La incapacidad de obtener un respaldo suficiente para la formación de un gobierno estable merece una reflexión profunda desde las dos orillas. No es la primera vez que se produce en los tiempos más recientes. Una representación tan variopinta de las heterogéneas sensibilidades ideológicas de nuestra ciudadanía es síntoma de buena salud democrática, siempre y cuando haya una intención sincera de alcanzar acuerdos para el bienestar de los españoles. Algo que, como hemos visto, queda siempre relegado a un segundo plano desde la Transición, años en los que «la concordia fue posible», como reza el epitafio de Adolfo Suárez.
La fotografía se asemeja bastante a las votaciones de 1996. El contexto de polarización, la tensa campaña -vídeo del dóberman incluido- y los apretados números recuerdan enormemente a lo que ha sucedido en esta ocasión. Felipe González llegaba con un fuerte desgaste tras catorce años en La Moncloa. La mayoría de los sondeos de opinión pronosticaban una victoria contundente, tras una larga travesía por el desierto, para el Partido Popular y José María Aznar. El triunfo fue ajustadísimo, con una diferencia de unas trescientas mil papeletas y una quincena de escaños entre los dos grandes partidos. Tras lustros de gestas socialistas, el gobierno quedaba en el aire.

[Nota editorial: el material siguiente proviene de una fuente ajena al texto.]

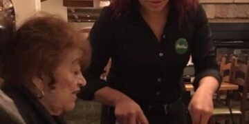 Last night, we went to Olive Garden for dinner. My mom, who is 79 years old, chose to sit at the corner of the table...
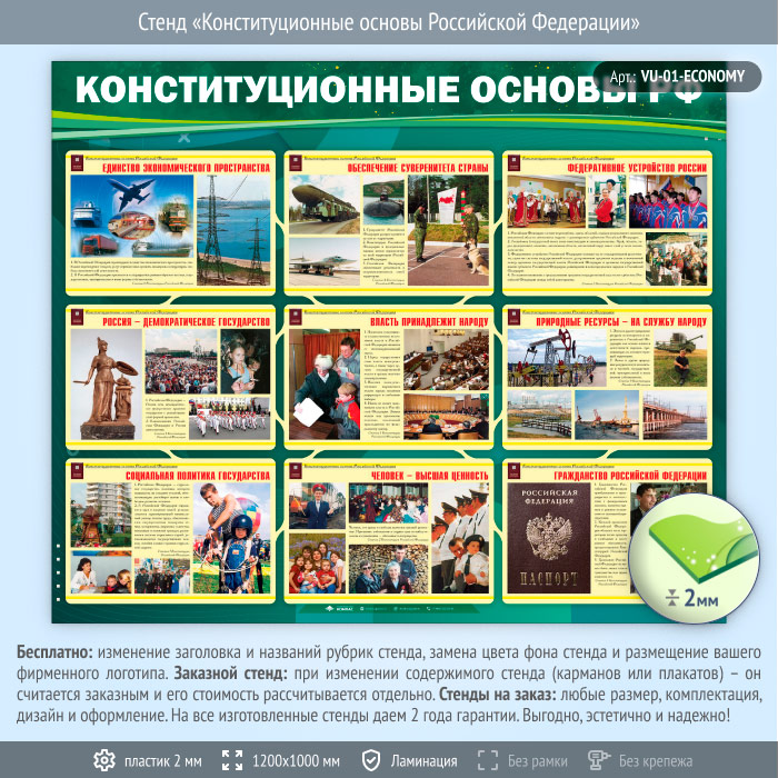 Стенд «Конституционные основы Российской Федерации» (VU-01-ECONOMY) в Ачинске купить
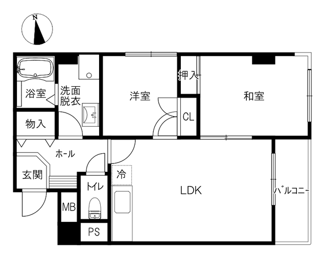 お部屋は2LDKの間取りになっており、居室と水回りがそれぞれまとまっています。
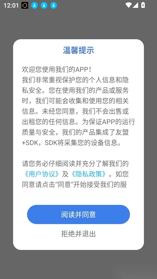 1、首先打开应用点击“阅读并同意”按钮来进入中。
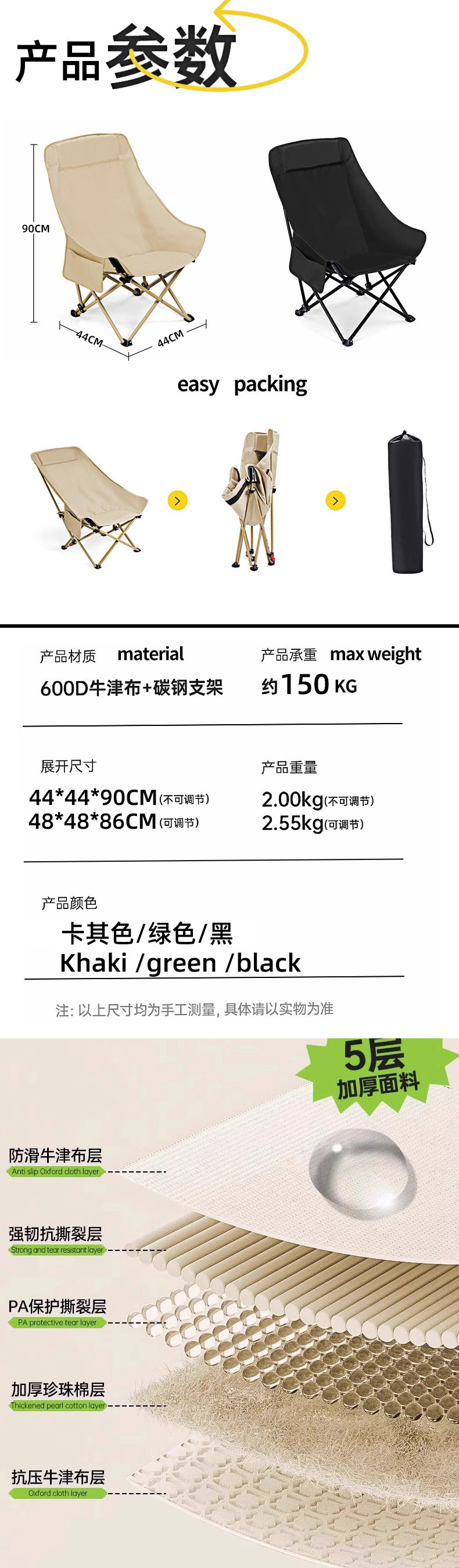 국경 간 3단 조절 가능한 달 의자, 편리한 안락 의자, 야외 캠핑 높은 등받이 접이식 의자, 낚시 의자 도매

La tentación del PSOE de mantenerse en el poder con Izquierda Unida y el resto de minoritarios era una cantinela que se le susurraba constantemente a Felipe González en Ferraz. El sevillano, cansado hasta de sí mismo como reconoció tras dejar la primera línea, decidió no morder la manzana y que pasaba a ser un jarrón chino. Sentó, muy probablemente sin quererlo, un precedente, una regla no escrita que se ha aplicado sin excepción en todas las contiendas nacionales habidas hasta la fecha.
Hoy, casi treinta años después, estamos en el mismo punto de partida. La disimilitud fundamental estriba en que Pedro Sánchez no es Felipe González, aunque ambos perdieron las elecciones siendo jefes del Ejecutivo. Poco queda de los mimbres de aquel Partido Socialista. Además, los aliados de entonces escasamente tienen que ver con los actuales Bildu o Junts, pública y reconocidamente abiertos a dinamitar nuestro sistema constitucional. Es posible que los próximos ministros sean elegidos en Waterloo, donde Napoleón fue derrotado.
La solución, conociendo el nivel de nuestros políticos y el estado de las cosas, no se antoja fácil. Si se descarta una salida a la alemana o una abstención patriótica como en 2016, estaríamos abocados a escenarios nada halagüeños, tales como un bloqueo institucional o un nuevo y cansino paso por las urnas. Incluso puede darse la paradoja de que nos encontremos ante la gloria de los perdedores y que, por primera vez en nuestra democracia, gobierne quien no ha ganado o que no salga reelegido quien estaba en el Gobierno. Derrota dulce, victoria amarga. Dicen que la historia se repite. O no.